When the Democrats took control of Congress in 2007 their leadership announced with great fanfare that they were going to do battle with out-of-control earmark spending, reining in the lawmakers’ personal pork projects and making them more transparent.
The Democratic leadership is losing that battle. The earmarks are more transparent — both the projects and lawmakers behind them are now identified — but, after an initial spurt of self-discipline, their numbers are rising rapidly
Earmarks are directed spending that instructs the government to fund specific projects and programs. Understandably, they are enormously popular with members of Congress although a few gutsy members, notably Rep. Jeff Flake, R-Ariz., carry on a lonely crusade against them. Sen. John McCain, R-Ariz., is another.
More than 11,000 earmarks worth $15 billion have been attached to spending bills this year and next year promises to be worse.
The Associated Press reports the House Appropriations committee "alone has 22,438 earmark requests before it, so many that its Web site for accepting requests froze up and the deadline for receiving them had to be extended."
The zenith of earmark spending was under the Republicans. The watchdog group Citizens Against Government Waste says earmarks rose from more than 1,300 projects worth about $8 billion in 1994, the year the Democrats lost control of Congress, to nearly 14,000 worth $27 billion in 2005. The most notorious was Alaska Sen. Ted Stevens’ $223 million "bridge to nowhere" to serve an island of 50 people.

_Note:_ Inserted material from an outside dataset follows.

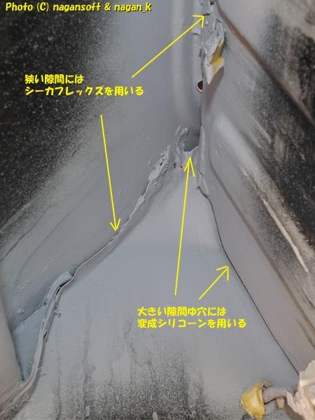 この2種類の使い分けですが、狭い隙間はシーカフレックスを、大き目の隙間や穴塞ぎには変性シリコーンと使い分けます。
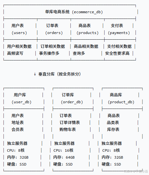 - 按业务领域划分,如电商系统分为:用户库、订单库、商品库、支付库等。

Earmarks do not receive the same scrutiny as other spending and whether they get funded has more to do with the requesting lawmaker’s clout than whether the project has any value. More egregiously, a system known as "pay to play" has grown up. Corporations, universities and defense contractors hire lobbyists to importune members of Congress into granting earmarks and then the happy beneficiaries reward the member with campaign contributions.
In an extensive overview of earmarks, the AP matched up dozens of lawmakers with campaign cash from the recipients of earmarks. There is serious potential for corruption and one member of Congress has gone to jail for taking bribes for earmarks and two more are under investigation.
It’s also a sloppy way to legislate. You have to give the Democrats credit for at least trying, but you also have to wonder whether their hearts were in it.